Evgeny Kissin at Barbican Hall

Bach

Chromatic Fantasia and Fugue, BWV903

Mozart

Piano Sonata in D, K311

Chopin

Polonaise in F-sharp minor, Op.44

Rachmaninov

12 Romances, Op.21 – V: ‘Lilacs’
Prelude in A-minor, Op.32/8
Prelude in G-flat, Op.23/10
Etudes-Tableaux, Op.39 [selections]

Evgeny Kissin (piano)


Reviewed by: Peter Reed

Reviewed: 15 March, 2023
Venue:

The last time I heard Evgeny Kissin in a solo recital was here, at the Barbican, in 2019, a full year before Covid-chaos and three before the Ukraine war, the latter something the famously reserved Russian virtuoso has been very articulate about. His stage persona remains very much the same as it was since the teenage prodigy took the piano world by storm in the 1980s, a boy whose technical wizardry was unassailable. Now in his fifties, his courtly formality has mellowed, a bit, but he still radiates an old-fashioned, inscrutable mystique, a chip off the block of those turn-of-the-century (that is, nineteenth to twentieth) piano gods who once ruled the musical world.

This recital reminded me, however, that I am none the wiser about his preferred repertoire – I used to think it was Chopin, but I am now not so sure; he doesn’t quite channel the Liszt charisma; probably the privacy of Rachmaninov suits him best. These considerations were confirmed by his choice of programme, which started with two works miles away from Planet Steinway. I’ve never been too fussy about Bach on the modern piano, but the Chromatic Fantasia and Fugue is an exception. On the harpsichord this whirlwind of notes often sounds atonal, unfettered by the sort of resonance you get on a modern piano, even with Kissin’s ultra-light pedaling. It was certainly furious and dazzling but often it came across as chromatic plate-spinning rather than the epic, baroque display of deferred tonal gratification.
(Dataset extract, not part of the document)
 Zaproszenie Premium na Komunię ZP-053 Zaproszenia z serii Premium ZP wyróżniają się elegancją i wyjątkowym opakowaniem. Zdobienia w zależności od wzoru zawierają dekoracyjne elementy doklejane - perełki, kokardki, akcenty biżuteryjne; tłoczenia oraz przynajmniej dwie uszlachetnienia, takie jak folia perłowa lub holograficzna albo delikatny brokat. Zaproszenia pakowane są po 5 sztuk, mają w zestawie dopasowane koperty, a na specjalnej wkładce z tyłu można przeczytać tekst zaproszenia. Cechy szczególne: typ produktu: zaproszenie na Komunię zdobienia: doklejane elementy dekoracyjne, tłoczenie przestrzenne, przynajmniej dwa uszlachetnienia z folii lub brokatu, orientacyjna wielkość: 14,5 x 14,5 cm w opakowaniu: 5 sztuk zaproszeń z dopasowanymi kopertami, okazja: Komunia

Kissin didn’t rein in his style of engagement for a particularly angular take on Mozart. The first movement was certainly ‘con spirito’ but here the spirits were driven and over-dramatised rather than high and confident. Also his decision to play both of the first movement’s repeats made it more monumental than witty, and he seriously overstretched things in the following Andante.

Then, firmly in pianoforte territory, he went on to play Chopin’s mighty Polonaise in F-sharp minor in a way that I can only describe as weaponised, very possibly channelling his dismay over the war in Ukraine. He produced a colossal sound, the fury was palpable, the gentler middle section evoking Mahlerian bittersweet regrets. It was very impressive – and at times it almost made Chopin sound ugly.
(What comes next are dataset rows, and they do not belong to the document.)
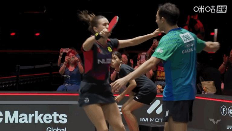 雨果高桥布鲁娜紧紧拥抱在一起,今天高桥杀疯了! 新加坡大满贯新的混双冠军产生:雨果,高桥布鲁娜。 3-0的比分,零封了申裕斌和林钟勋,这是大家没想到的。 今天的高桥,不是之前的高桥,眼神非常厉害, 三局发挥得非常好,带着雨果打, 第三局关键分,眼神看向雨果, 侯英超:眼神告诉你,你再拿不下,今天你就在这里吧! 雨果一局半,没敢喊,憋着一口气,也是很想赢下来。 2000的积分,基本上可以参加年底的总决赛了。 赛后,高桥跑向雨果,两个人拥抱庆祝。
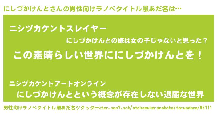 | 意味不明あだ名 | 『住所不定無職にしづかけんと(62歳)』 |
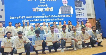देहरादून : देहरादून के सर्वे ऑफ इंडिया ऑडिटोरियम में राजस्व विभाग, सीबीआईसी द्वारा शनिवार को ‘रोजगार मेले’ के 15वें चरण का आयोजन किया गया। प्रधानमंत्री श्री नरेंद्र मोदी ने वीडियो कॉन्फ्रेंसिंग के माध्यम से आयोजन को संबोधित किया और देश भर के 47 स्थानों पर 51,000 से अधिक चयनित उम्मीदवारों को नियुक्ति पत्र सौंपे।
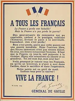 V tomto článku byl použit překlad textu z článku Appel du 18 Juin na francouzské Wikipedii.
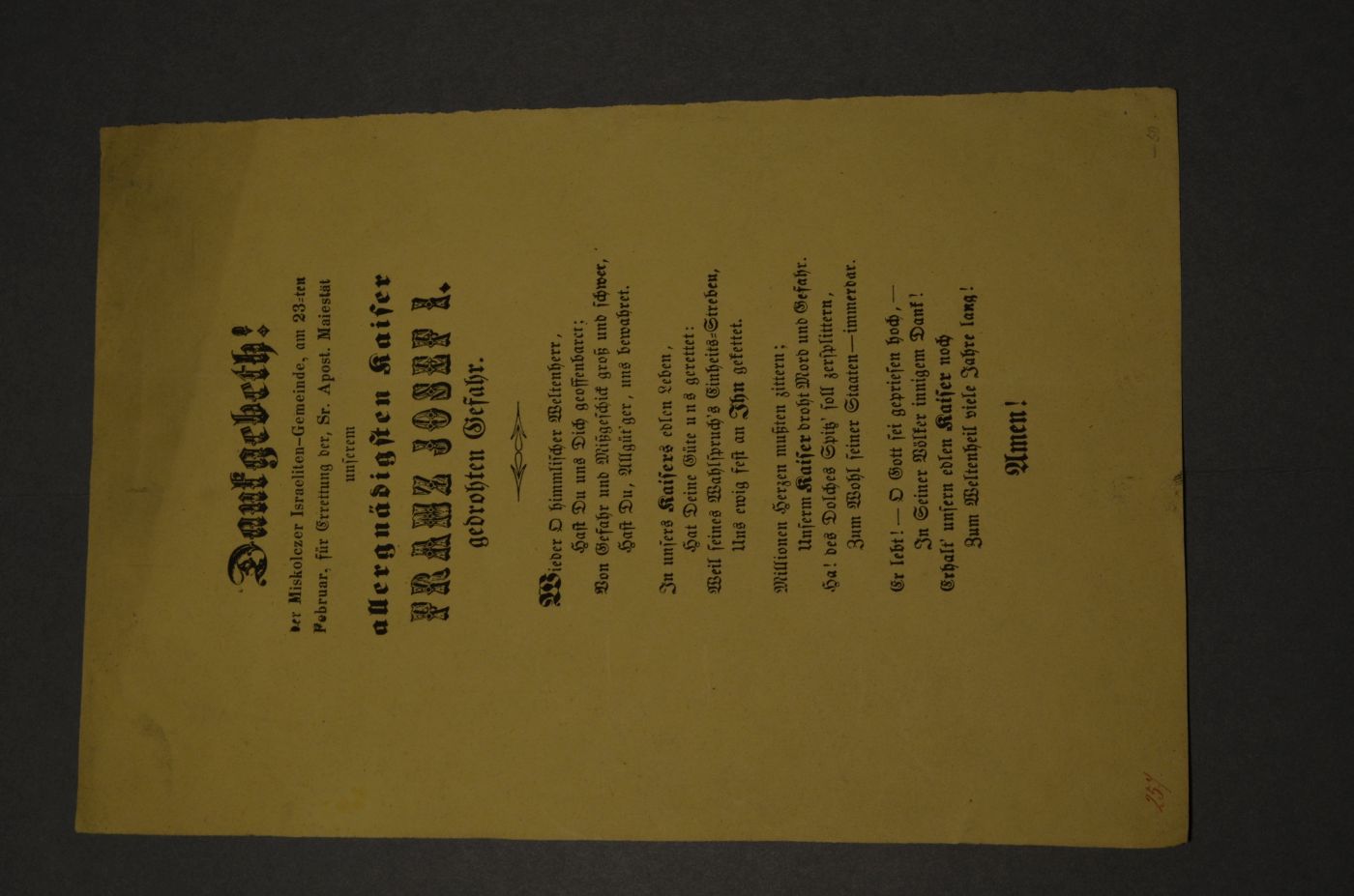 Dankgebeth! der Miskolczer Israeliten-Gemeinde, am 23-ten Februar, für Errettung der, Sr. Apost. Maiestät unserem allergnädigsten Kaiser Franz Joseph I. gedrohten Gefahr.
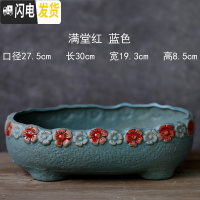 三维工匠 长条大口径多肉花盆陶瓷特大号阳台长方形花盆 满堂红蓝色 大花盆容器
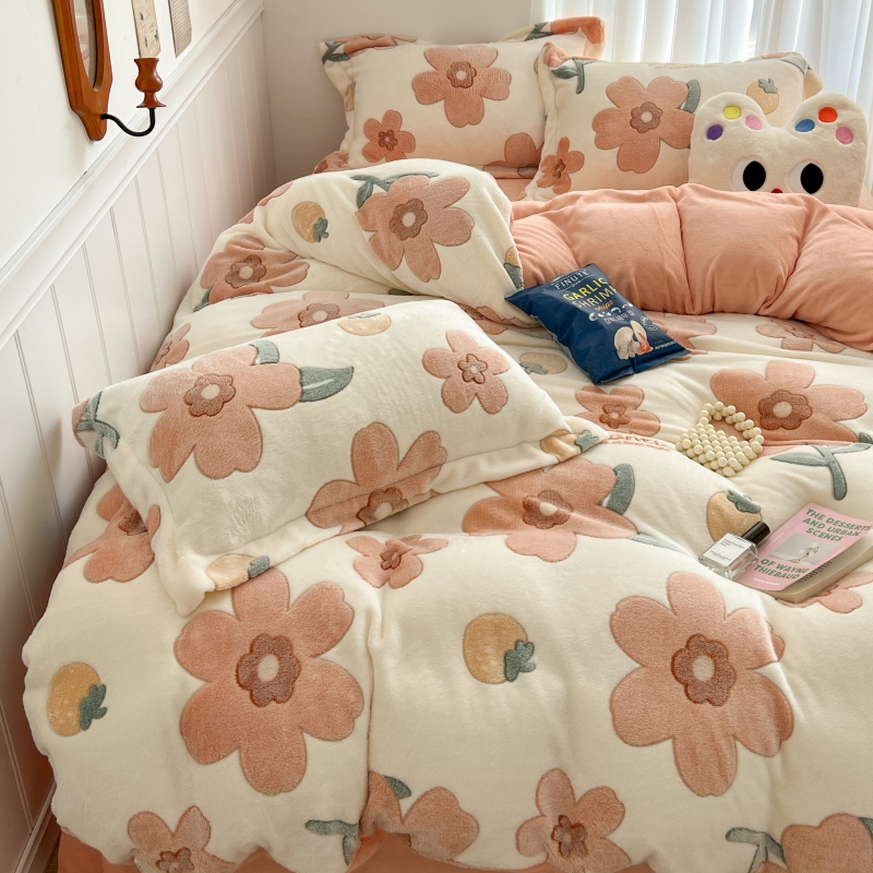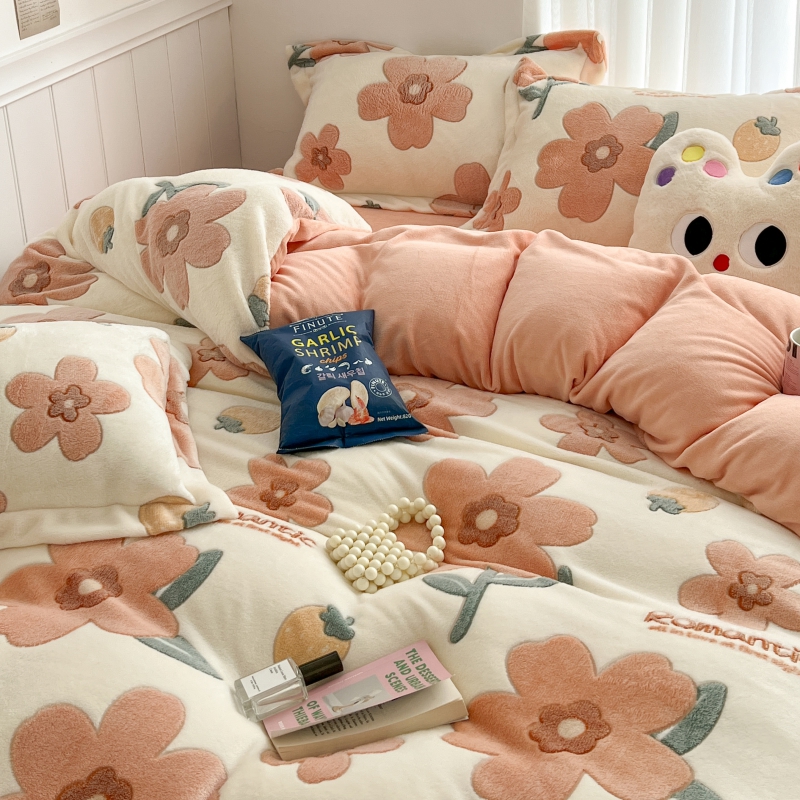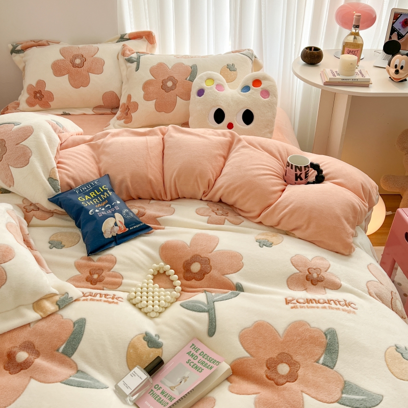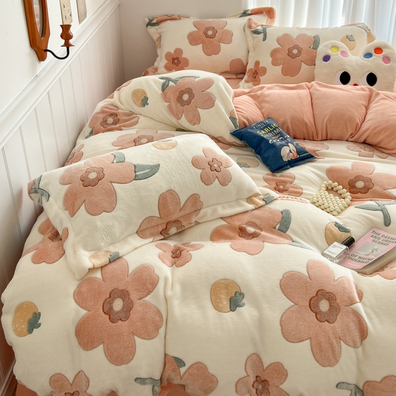 当前位置: 91家纺网 > 商品网购 > 床品套件 > 四件套 > 牛奶绒四件套 > 顾里家纺 2023新款ins韩风∙立体牛奶雪花绒系列四件套 花花草莓

Kissin devoted the second part to Rachmaninov, to mark the composer’s 150th-birthday (April 1), and in his choice of Preludes and the Op.39 Etudes-Tableaux, like all the great Rachmaninov players, he easily persuaded you that this was how the composer must have played his own music. Kissin has instant access to Rachmaninov’s unique brand of impressionism and completely gets how the composer transcends his own material, how a piece might start in the salon but, as in Narnia, can slip through a door to something much bigger. The music’s yearning quality was all the stronger for being understated and stroked out of the piano. Kissin stayed with Rachmaninov for three encores, all from Opus 3, the Mélodie, the Sérenade, and then ‘that’ Prelude, a piece possibly heard more often than ‘Happy birthday’.